Longevity Cities Series — Part One
Longevity is often imagined as the domain of labs, biotech startups, or Bryan Johnson–style protocols. But the most powerful engine of healthy longevity today is far older, broader, and much more familiar: The City.
Cities are where our environments, behaviors, stress levels, mobility patterns, air quality, wages, social networks, and public institutions intertwine to shape how long — and how well — we live. They are the world’s largest biotechnologies: intricate sociotechnical systems that influence health more profoundly than any available medical intervention. And they are also the primary sites where any future breakthroughs — including those that might finally push humanity beyond the Calment Limit, the long-standing world record of 122 years and 164 days — will take root and scale.
This essay introduces The Longevity City: a technoprogressive framework for remaking urban life so that cities can systematically expand the longevity dividend — the economic and social benefits that emerge when more people live longer, healthier lives.

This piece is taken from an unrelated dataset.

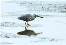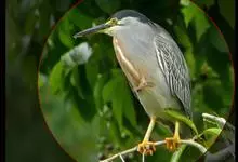 绿鹭:是鹳形目鹭科绿鹭属鸟类。体型小,头顶黑,枕冠亦黑色,上体蝉灰绿色,下体两侧银灰色;前额至后枕及冠羽墨绿色,眼后有一白斑,颊纹黑色;颚纹白色,后颈、颈侧和体侧烟灰色;背部披灰绿色矛状长羽,…全部>>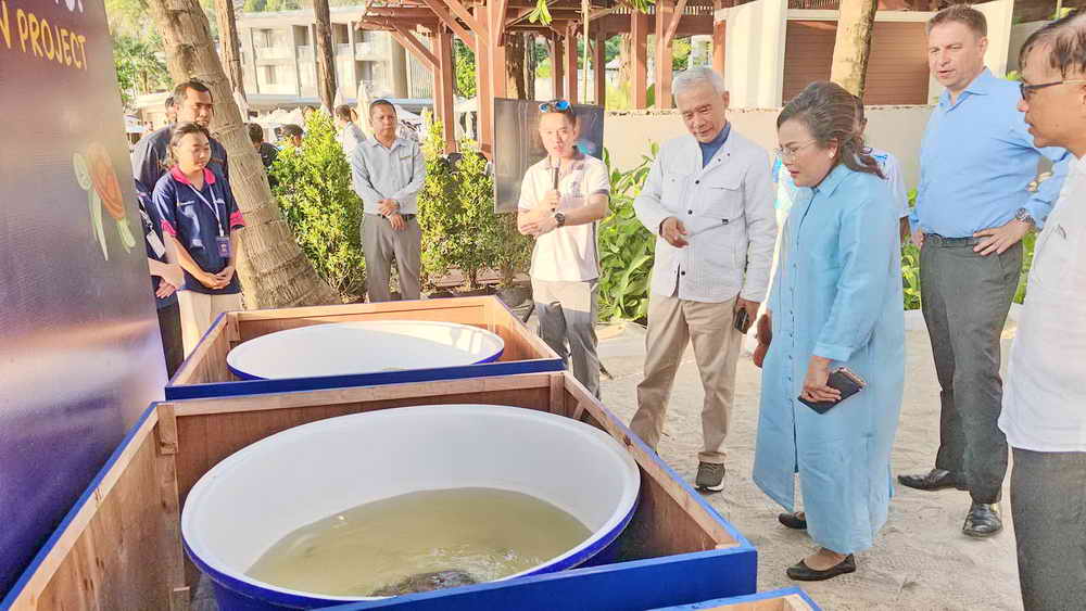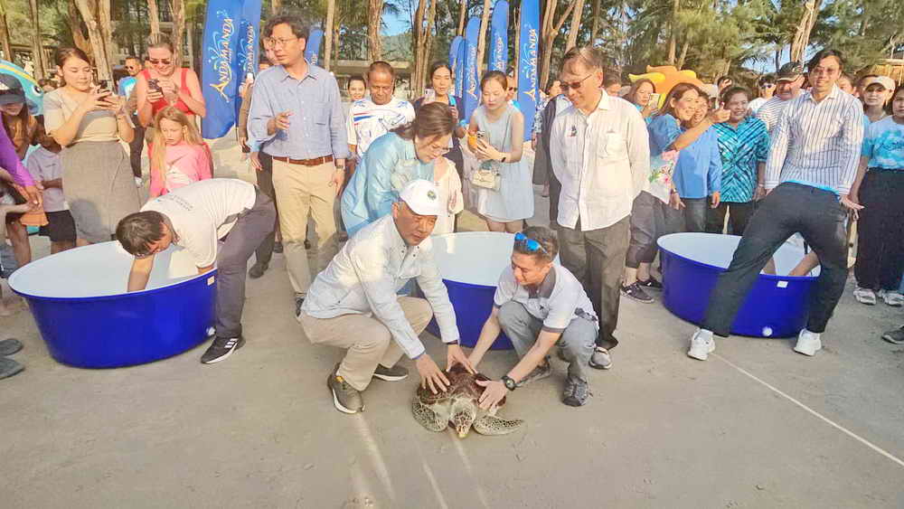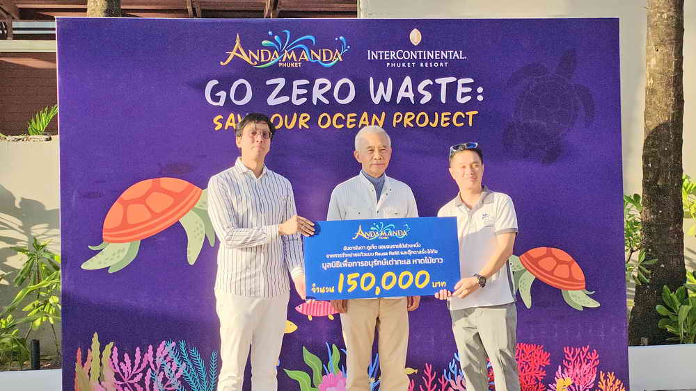 โอกาสนี้ได้มอบเงินจากการจำหน่ายผลิตภัณฑ์รักษ์โลก และการร่วมบริจาคสมทบ จำนวน 150,000 บาท ให้กับมูลนิธิเพื่อการอนุรักษ์เต่าทะเล หาดไม้ขาว เพื่อนำไปดูแลเต่าทะลที่ได้รับบาดเจ็บ และร่วมกันปล่อยเต่าตะนุบาดเจ็บซึ่งรับการดูแลจนแข็งแรงกลับลงสู่ทะเล จำนวน 3 ตัว ประกอบด้วย “บอบซ์” อายุ 1 ปี 10 เดือน มีปัญหากระดองผิดรูป, ชินี่ อายุ 2 ปี 9 เดือน มีปัญหาขาหลังผิดรูป และ “แซมมี่” อายุ 2 ปี 9 เดือน มีปัญหาขาหลังขยับผิดรูป นอกจากนี้ “สวนน้ำอันดามันดา ภูเก็ต” ยังได้จัดนิทรรศการ CSR :Go Zero Waste Save Our Ocean Project 2024 รวมทั้งนำผลิตภัณฑ์รีไซเคิล และผลิตภัณฑ์สินค้าชุมชนที่นำไปวางจำหน่ายภายในสวนน้ำฯ มาจัดแสดงและจำหน่ายให้ผู้ร่วมกิจกรรมในครั้งนี้ด้วย

Importantly — as Part Two will explore — this framework is not speculative. The essential components already exist in cities around the world. Our task, therefore, is not to invent a new paradigm from scratch, but to weave existing models into a coherent, longevity-focused civic architecture, and then push the conversation towards a more democratic innovation model for actualizing the next stage of breakthroughs.

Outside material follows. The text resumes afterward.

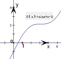 且f(x)=sinx+x-1的零点在原点的右侧,如图.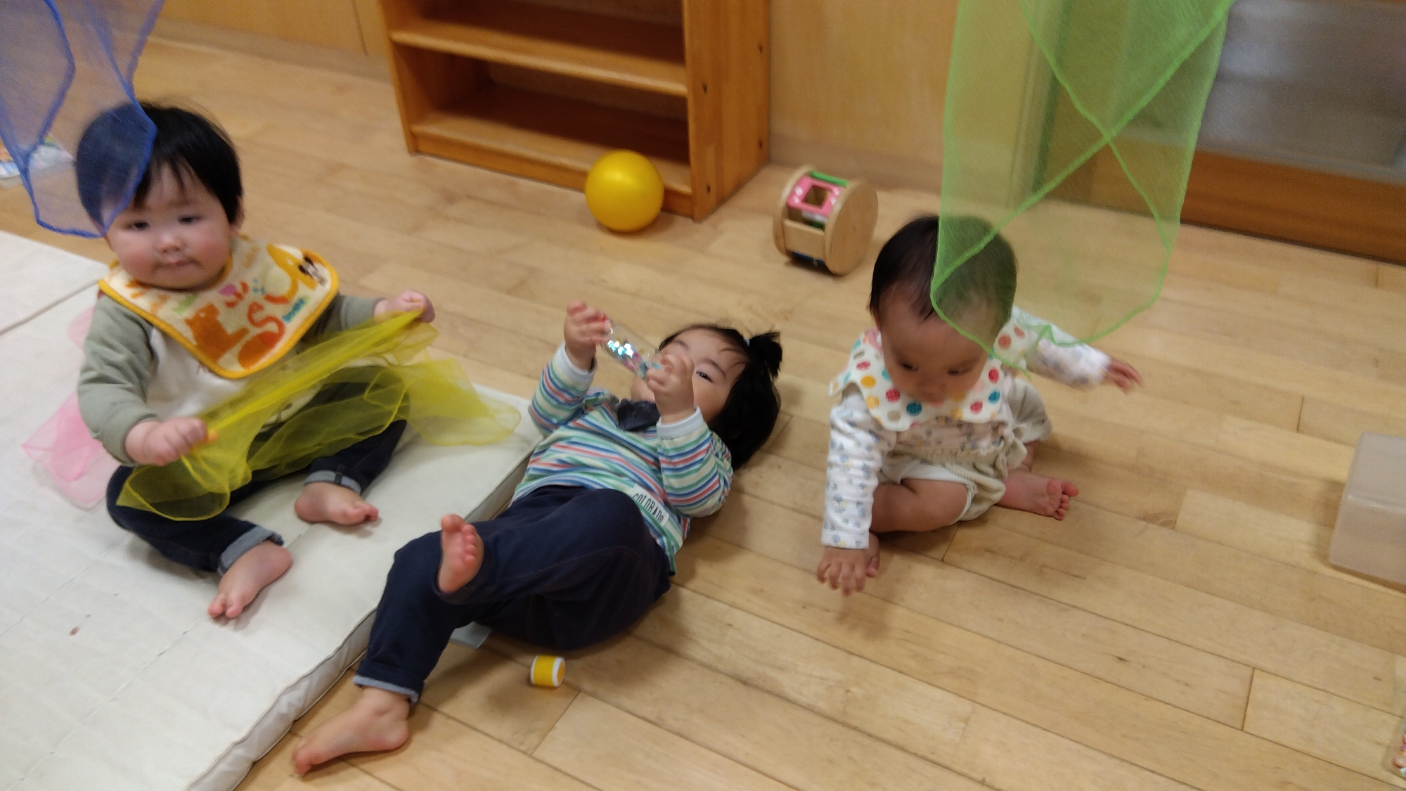 カラーシフォン布で遊んでいる様子です。カラフルな色に興味を示し、ゆらゆらと揺れる感触を楽しんでいました。見て楽しい、触って楽しい活動をこれからも多く取り入れていきたいと思います。

This essay is a call for technoprogressives to take the lead in maximizing our longevity potential using every tool available — in the cities, towns, and regions where we already live and work. And if you don’t yet identify as a technoprogressive, consider this framework an invitation into the practical work of building a future where healthy longevity is a public good, accessible to all.
Why Cities Are the Future of Longevity
Cities regulate the primary determinants of health: air, water, mobility, social participation, safety, wages, rest, heat exposure, social networks, and stress. Modern public health emerged from cities — sanitation systems, vaccination programs, emergency medicine, public health agencies, and crisis response infrastructures.

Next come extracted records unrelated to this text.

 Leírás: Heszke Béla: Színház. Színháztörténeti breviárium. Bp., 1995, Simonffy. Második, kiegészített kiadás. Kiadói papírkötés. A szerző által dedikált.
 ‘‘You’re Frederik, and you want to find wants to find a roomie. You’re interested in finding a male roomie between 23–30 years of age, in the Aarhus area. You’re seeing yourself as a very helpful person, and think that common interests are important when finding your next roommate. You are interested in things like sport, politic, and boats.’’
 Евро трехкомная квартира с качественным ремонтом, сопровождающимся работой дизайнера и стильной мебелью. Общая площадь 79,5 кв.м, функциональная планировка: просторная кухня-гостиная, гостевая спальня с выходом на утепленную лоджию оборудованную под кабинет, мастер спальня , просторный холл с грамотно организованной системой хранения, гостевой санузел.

Nearly every major improvement in lifespan was forged through urban networks of doctors, researchers, planners, labor organizers, and civic movements.
Cities remain the world’s engines of scientific and civic innovation.
If healthy longevity — or Longevity 2.0 — is going to emerge, it will follow the developmental pathways of Longevity 1.0. It will take root in the dense, collaborative, richly infrastructured terrain of the modern city.
Public Health Maximalism: A New Paradigm for Urban Governance
The foundational principle of The Longevity City is simple:
Every urban system is a health system.
Housing, transportation, wages, childcare, school quality, pollution exposure, neighborhood design, digital infrastructure — all of these shape lifespan and healthspan.
To maximize the number of quality-adjusted life years (QALYs) available today, we have to treat cities as unified systems of systems — capable of fostering healthy longevity through a paradigm I call public health maximalism.
Public health maximalism reinterprets public health according to its most expansive and scientifically grounded definition. Instead of focusing only on disease prevention, it treats public health as the coordinating logic for how cities design policy, deploy interventions, and build grassroots demands.
This gives us a shared evidentiary foundation — standardized metrics rather than vague appeals to “well-being” or “flourishing.”
A few principles illustrate what this looks like:
Systems are interconnected
Transit influences pollution, which affects cardiovascular health, but it also shapes land use, mobility, stress, and economic opportunity. Small design choices cascade across systems.
Public health must be a protocol, not a department
Public health should no longer be confined to a regulatory silo. It must become the standard that governs decisions in housing, labor, transportation, climate, policing, technology, and more.
Coalitions multiply
Labor organizers, disability justice advocates, urbanists, Vision Zero campaigns, climate planners, and child- and elder-friendly city proponents all benefit from a public-health-first urbanism.
Public health maximalism creates shared terrain for powerful, technoprogressive municipal coalitions.
The Social Longevity Gap: The Crisis We Can Solve
Within any metropolitan area, life expectancy often varies 20–30 years across neighborhood lines. These disparities are not genetic. They are the result of structural inequalities in policy, infrastructure, and opportunity.
Layered on top of this is the expanding red zone — the number of years people spend alive but not healthy. Across the world, healthspan is failing to keep up with lifespan, putting immense strain on families, workers, and healthcare systems. In many countries, this divergence is becoming an existential threat to social and economic stability as populations age rapidly.
These twin crises — the neighborhood longevity gap and the healthspan gap — are among the defining public health challenges of the 21st century. Left unaddressed, they could produce catastrophic demographic pressures.
But they also reveal one of the most powerful opportunities for technoprogressive municipal governance. If cities can close these gaps — extending healthspan, reducing inequality, and compressing the red zone — they will generate enormous social, economic, and ethical dividends.
The Longevity City offers a roadmap for doing exactly that.